Sicherheit durch Vertrauensbildung

Während Schwarz auf die Bedeutung der inneren Freiheit aufmerksam machte, forderte Christine Muttonen, Vorsitzende der parlamentarischen OSZE-Versammlung, den Umgang mit Freiheit nicht nur Regierungen und Allianzen zu überlassen, sondern Parlamente und die Zivilgesellschaft verstärkt einzubinden. "Nach dem Fall des Eisernen Vorhangs haben wir uns in Europa vom Prinzip der militärischen Abschreckung verabschiedet und auf Sicherheit durch Vertrauensbildung und Kooperationen gesetzt. Diese Sicherheit steht jetzt auf dem Spiel", so Muttonen.

Die Aspekte der Freiheit sind vielfältig und ihre Zukunft vor allem in Zeiten stärker werdender autoritärer Strömungen nicht ganz so gewiss wie noch vor einigen Jahren. Deshalb seien die Toleranzgespräche nicht nur ein Forum zum Austausch, sondern eine wertvolle Gelegenheit zur gegenseitigen Ermutigung, tapfer aufzustehen und sich für die Freiheit einzusetzen, meinte Manfred Sauer, Superintendent der Evangelischen Kirche in Kärnten und Osttirol und Obmann des Veranstalters Denk.Raum.Fresach.

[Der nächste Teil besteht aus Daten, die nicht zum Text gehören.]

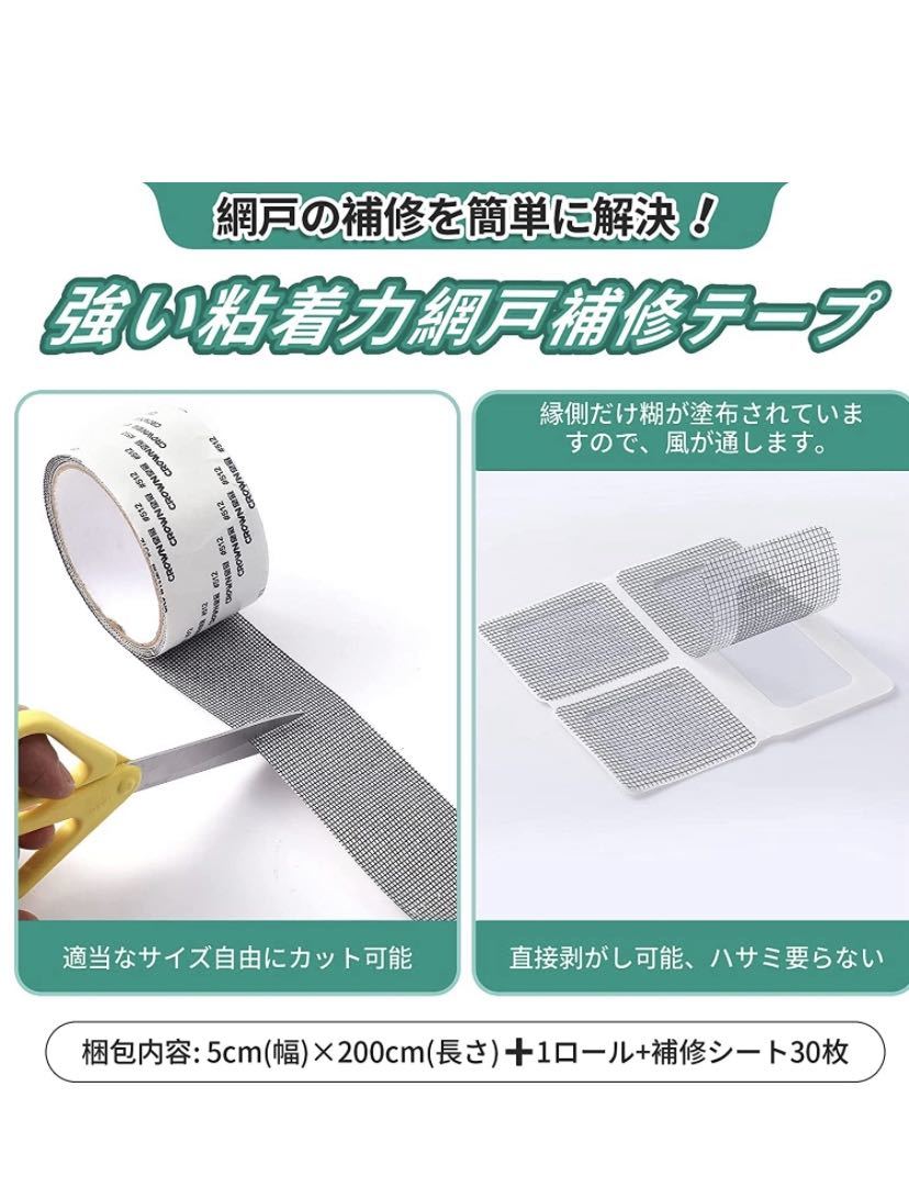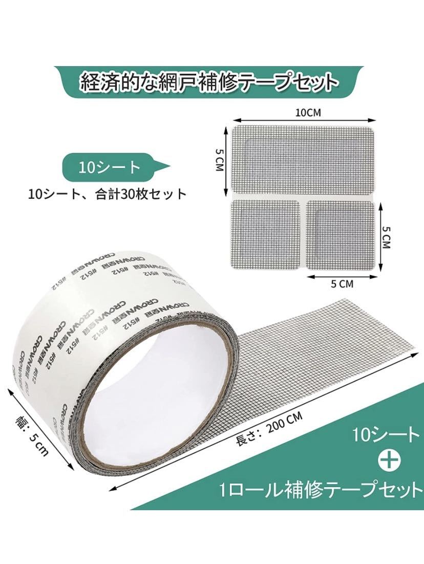 【商品情報】:2M(長)×5㎝(幅)網戸補修テープ×1ロール+とても通気性が良い、1シート3枚の網戸補修シート×10シートのセットです.とても実用性が良い組合商品です。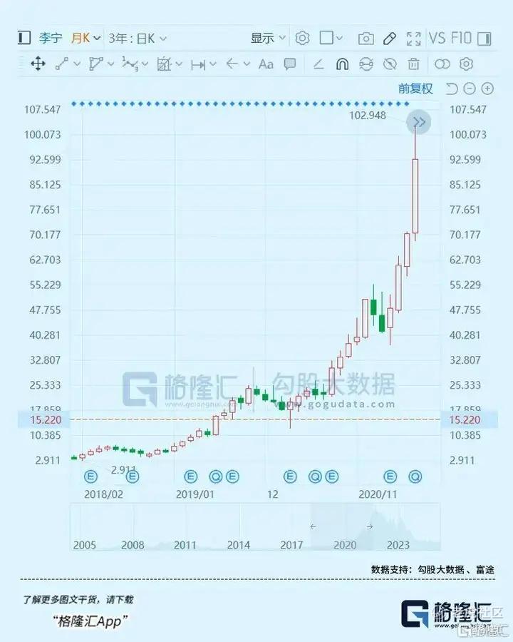李宁的股价在此之后也在三年时间内暴涨近20倍,从2018年的5港元/股,上涨到2021年最高点的102港元/股。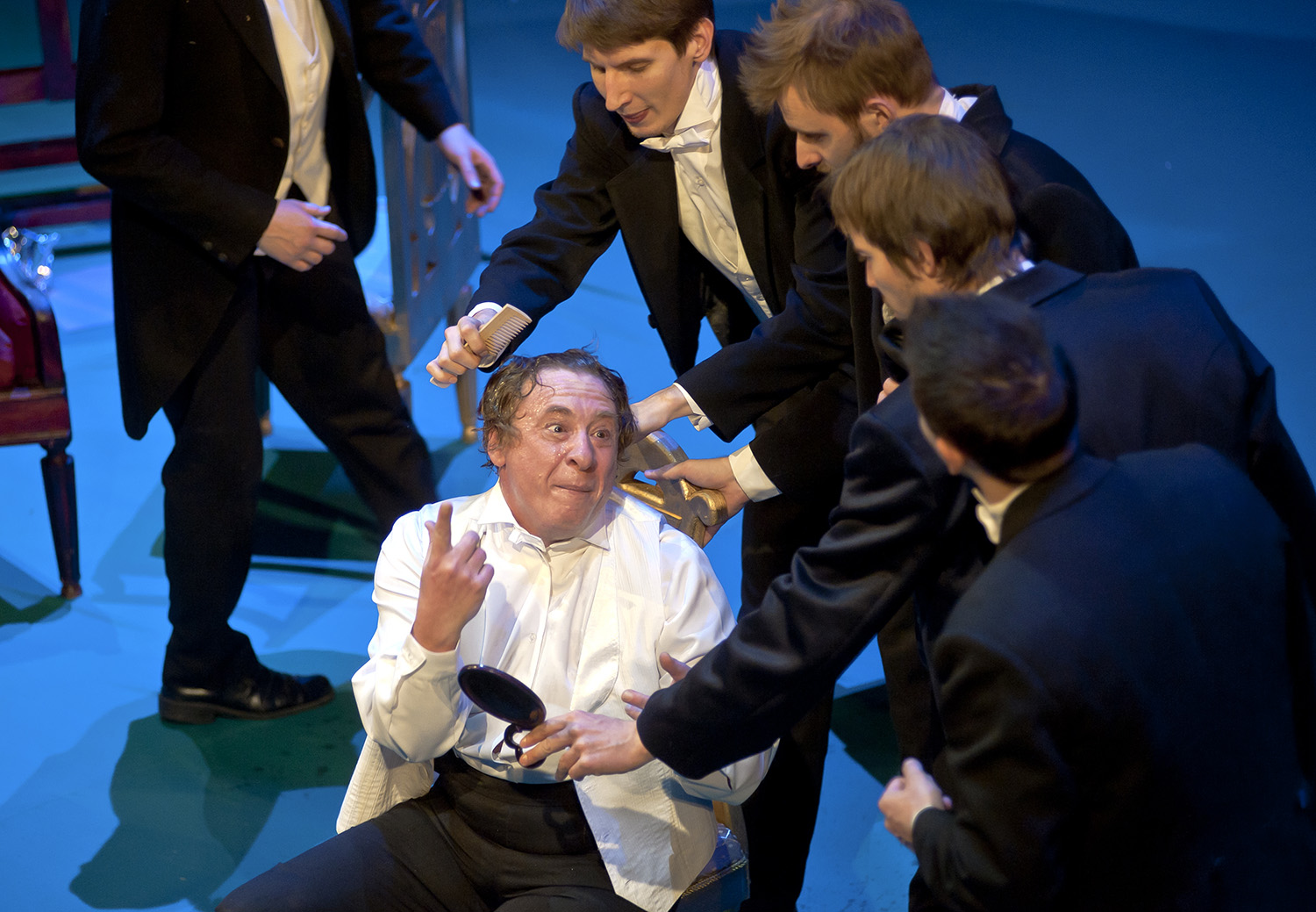 А вот обилие слуг, которые в нужный момент и рабочие сцены, и скоморохи, и олицетворение пороков, не всегда кажется уместным. В какой-то момент они закрывают главных героев, на сцене кажется тесно.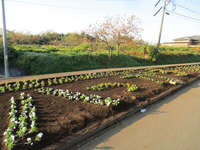 八嘉花づくり委員会の活動日。葉ボタンの苗を田崎交差点と大倉の花壇に植えました。配色を考えて植えられ、とてもきれいです。「小学校にも元気な苗を持って行ってください」と、12ケースもの葉ボタンをいただきました。毎年ありがとうございます。子どもたちと大事に育てます。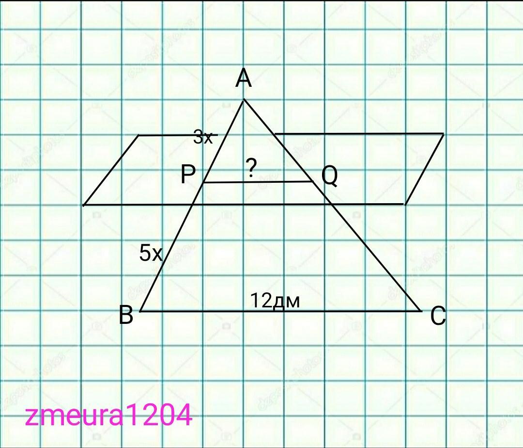 Дано трикутник АВС площина паралельна прямій ВС перетинає сторону АВ в точці Р а сторону АС в точці Q. Точка Р ділить відрізок АВ у відношенні 3:5 рахуючи від точки А. Знайдіть довжину відрізка РQ якщо ВС=12дм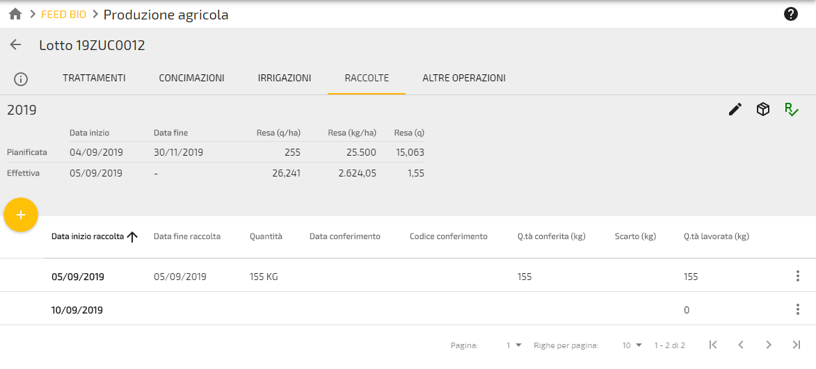 Sarà possibile inserire dei dati di pianificazione e le rese previste, mentre l’inserimento delle singole raccolte rispecchierà la vecchia gestione.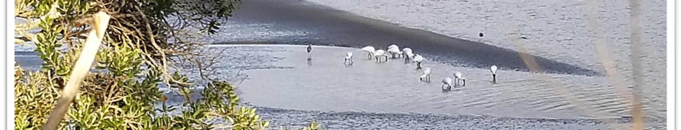 Heron and Royal Spoonbills feeding at low tide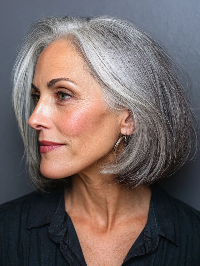 This style suits straight, wavy, or loosely curly hair. Blow-dry quickly with a round brush or let it air-dry using smoothing cream. It fits daily errands, social gatherings, and appointments easily. Trims every eight weeks keep the shape fresh without constant upkeep.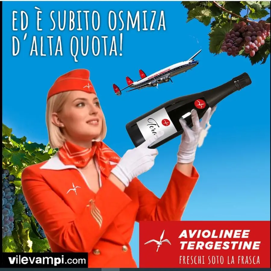 "Volare? Volentieri!” E’ il motto di Aviolinee Tergestine, la compagnia, rigorosamente farlocca, creata dal gruppo satirico Vile&Vampi, in cui si riconoscono i tre vignettisti Paolo Pascutto, Fabrizio Polojaz e Paolo Tanze.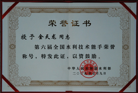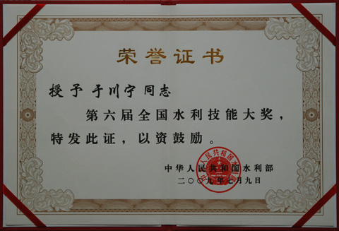 12月13日—16日,水利部在北京举办的“全国水利行业高技能人才进修班暨第六届全国水利行业技能人才表彰颁奖大会”上,我局职工于川宁同志荣获全国水利技能大奖,同时被授予全国农林水利产(行)业劳动奖章,金天龙同志荣获全国水利技术能手。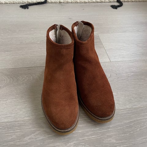 Varmfôrede utility-boots med et chunky design. Modellen er laget i svart skinn med rund tå, glidelås langs innsiden av skaftet og snøring foran. Den robuste yttersålen har en 45 mm grov hæl.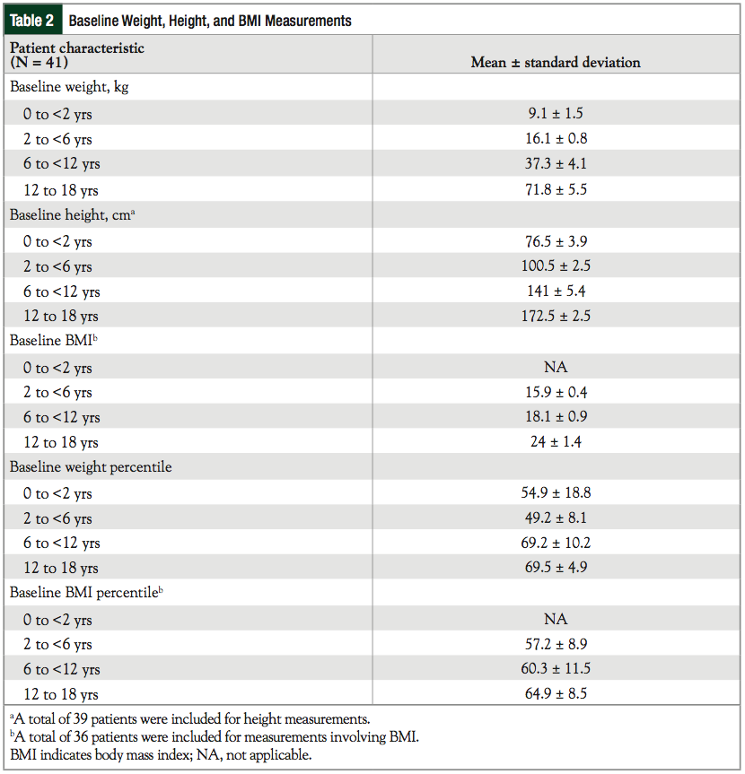 To assess the possibility of confounding measures, information on the patient’s nutritional status and interventions was also collected. The interventions reviewed included use of total parenteral nutrition (TPN), enteral tube feedings, and appetite stimulants. When available, albumin and prealbumin levels were also documented as markers of nutritional status. Cancer types were stratified into hematologic malignancies and solid tumors. Patients were also sorted into 4 groups based on their age, including 0 to <2 years, 2 to <6, 6 to <12, and 12 to 18. Groupings were based on similar predicted growth velocities.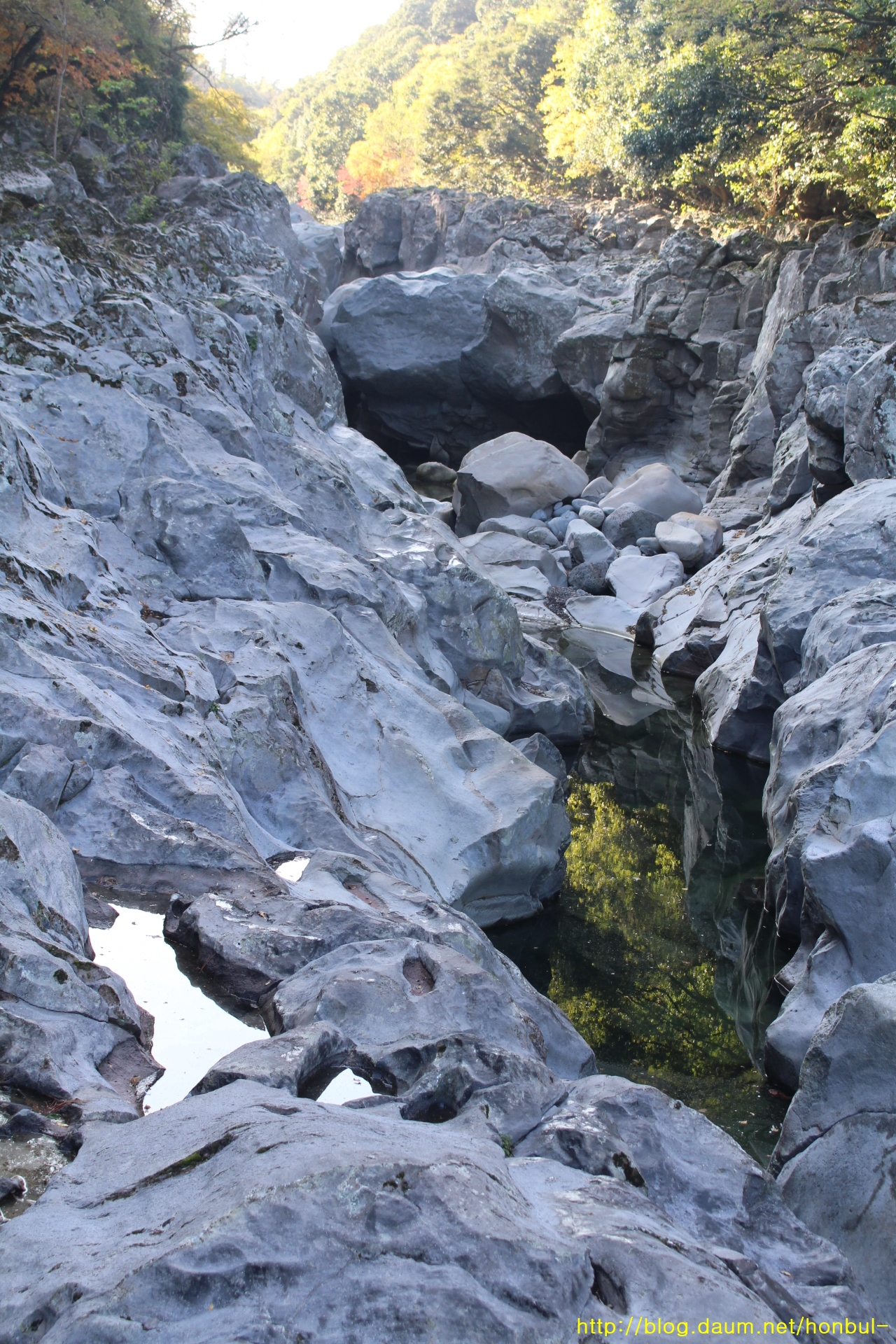 계곡 깊은 곳으로 물이 고여 있다.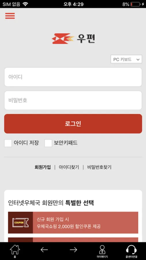 PC환경에서는 인터넷우체국(www.epost.go.kr)으로 접속하시면 모바일과 동일한 서비스를 이용하실 수 있습니다.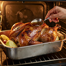 Unpack the duck, rinse the inside under cold water, and dry it thoroughly with a paper towel both inside and out. If there are any feathers on the skin, singe them over the gas flame or remove them with tweezers. Prick the skin in several places with a sharp knife (not deep into the meat, just through the fat under the skin) so that the fat can render out during roasting.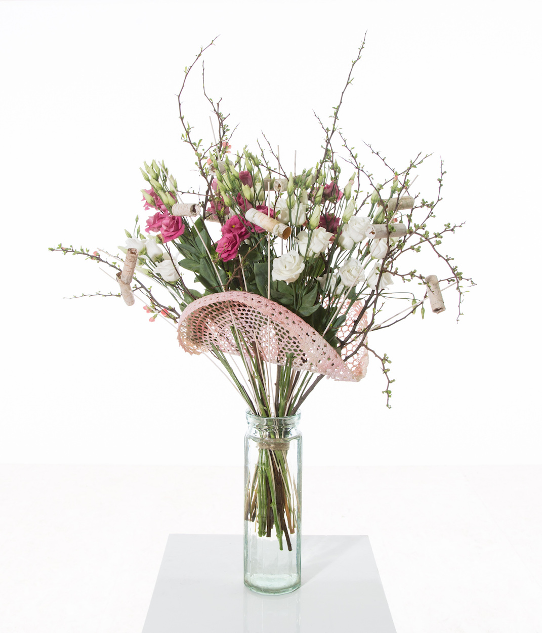Pim made this fan shaped flower bouquet with lisianthus. He folded an already made frame into a fan. Connected some sticks and the new base of this bouquet was ready. Some other details are rolled paper on sticks, combined with some blossom branches and you have a great bouquet!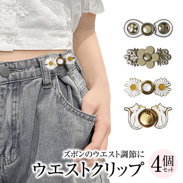 ウエスト 調整 アジャスター 4個セット ウエストアジャスター ズボン ボタン ウェスト クリップ ピン スカート パンツ スラックス ウエスト大きめ 詰め 男女兼用 レディース メンズ 大きめ グッズ ガーメントボタン 子供 大人 weist-clip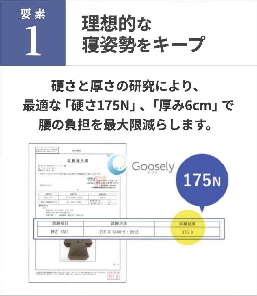 グースリーマットレスの硬さは175Nで固定されているため、使う方の体重によって寝心地の感じ方が変わる可能性があります。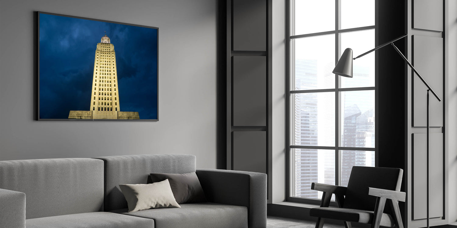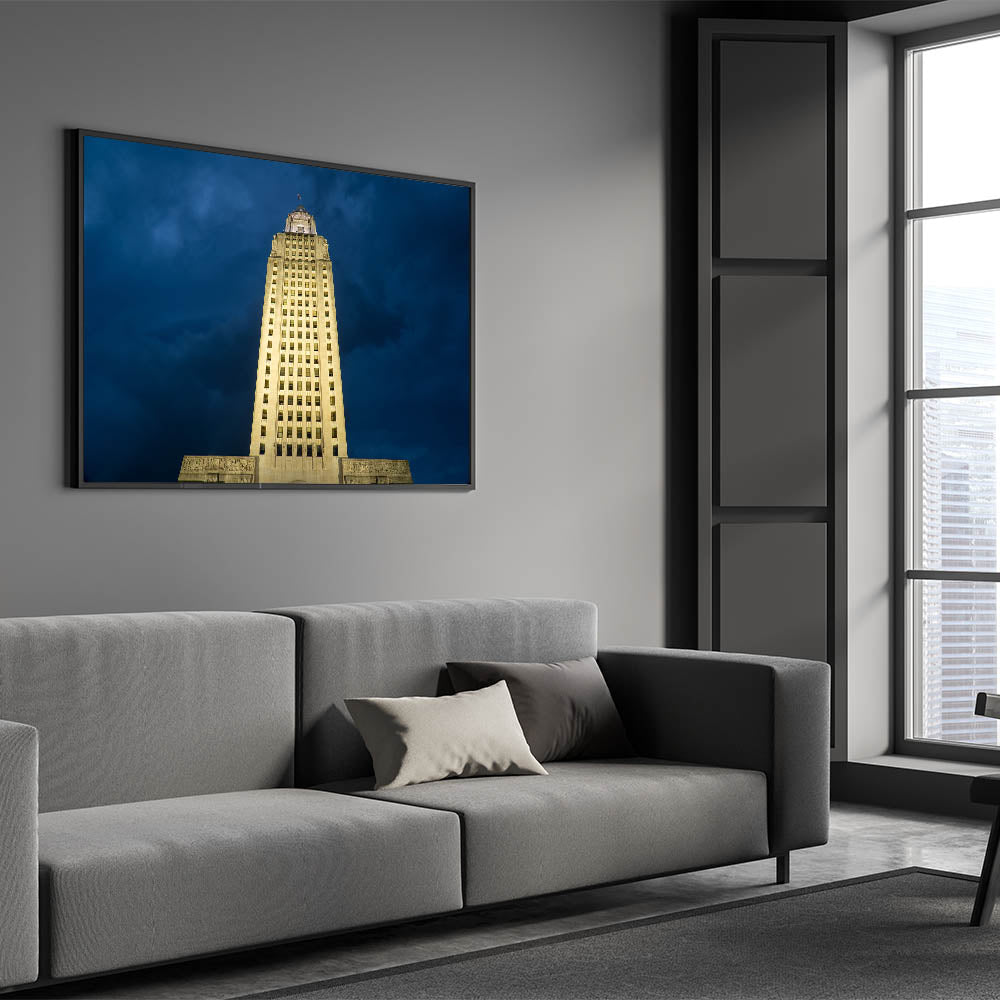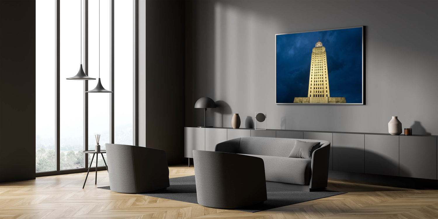Celebrate the grandeur of Louisiana’s history with this striking wall art featuring the illuminated Louisiana State Capitol building against a dramatic evening sky. The tallest capitol building in the United States, this architectural masterpiece stands as a symbol of Louisiana’s rich political and cultural heritage. Part of our Historic Louisiana Architecture Art collection, this piece captures both the magnificence and elegance of this iconic landmark.

Die Europäischen Toleranzgespräche werden aus Mitteln der EU, des Bundes und des Landes Kärnten unterstützt. Wesentliche Förderer sind ebenso die Stadt Villach und die Evangelische Kirche Österreich. 2017 steht "Die Zukunft der Freiheit und die Folgen der Globalisierung" auf dem Programm, neben der Religionsfreiheit und der Meinungs- und Versammlungsfreiheit stehen am Unternehmerinnentag (2. Juni) in Fresach der Freihandel, Freie Märkte und unternehmerische Freiheit vs. Bürokratie auf der Agenda.